Near the end of his short life, Hopkins briefly returned to Oxford. There, he found to his horror that the river which runs through the town was being harnessed to run factories. A particularly favorite spot of his had been denuded of trees so that new housing could be erected for the workers who would be imported there. “O if we but knew what we do/when we delve or hew–” mourned the poet. “Hack and rack the growing green!” He compared the rape of the country to plucking out an eyeball so that it cannot see any longer. For him, landscape speaks to our sight. As we absorb the view, it becomes “inscape” which enlightens our perception of the world, of our fellows, and of Christ and God in both. To perceive truly becomes a way of receiving God. When we destroy the living things around us, and wantonly fill the space with our clutter, we numb our spirits, empty ourselves of compassion, cut ourselves off from feeling Christ’s love, much less doing his work in the world. Hopkins’s poem are written to the greater glory of God (the Jesuit motto). But in that glory, there lies a warning against falling into selfish destruction.

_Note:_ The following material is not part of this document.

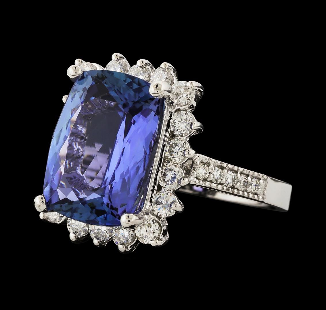 One electronically tested 14KT white gold lady's cast fashion ring with a cathedral shank with a basket halo with a bright polish with milgrain detailing finish. The featured lady's ring has a shank measuring 2.10 millimeters wide. Identified with markings of 'K14'. Condition is new, good workmanship. Containing: One prong set rectangular cushion modified brilliant cut natural tanzanite, measuring 13.98 x 10.62 x 6.00mm, (depth est.) 10%. bulge factor, approximate weight of 7.75ct., clarity is eye clean, medium, moderately strong, bluish violet color, (GIA bV 5/4), cut is very good. Transmitting light with no distortion, transparent. Colored gemstones are presumed to have been subjected to commonly used enhancement processes. Graded in the setting. Eighteen prong set round brilliant cut diamonds, measuring 2.40 - 2.30 x 1.46mm (depth est.) approximate total weight of 18 Stones = 0.88ct. Graded in the setting. Clarity SI-1 to SI-2. Color: H - I Cut Good Ten prong set round brilliant cut diamonds, measuring 1.60 - 1.55 x 0.98mm (depth est.) approximate total weight of 10 Stones = 0.15ct. Graded in the setting. Clarity SI-1 to SI-2. Color: H - I Cut Good. Total Weight of Colored Stones 7.75ct.. Total Weight of Diamonds 1.03ct.. Total Weight of Ring 7.50gm. GAS Appraised at $12,830.00.

Unfortunately, the poet’s superiors in his order found his work too individualistic, and forbade him to publish. He was probably too radical in both form and message for any Victorian publication, in any case. Our century’s ability to appreciate him is connected with our growing realization of just how interconnected we are with our environment. Worn out by work, and depressed by continual misunderstandings, Hopkins eventually contracted tuberculosis. In 1889, dangerously weaked, he caught typhoid and died quickly, just short of his 45th birthday. His youth and passion for the marvelous strangeness of creation still leaps at us from his poems.

What would the world be, once bereft
Of wet and wildness? Let them be left,
O let them be left, wildness and wet;
Long live the weeds in the wilderness yet.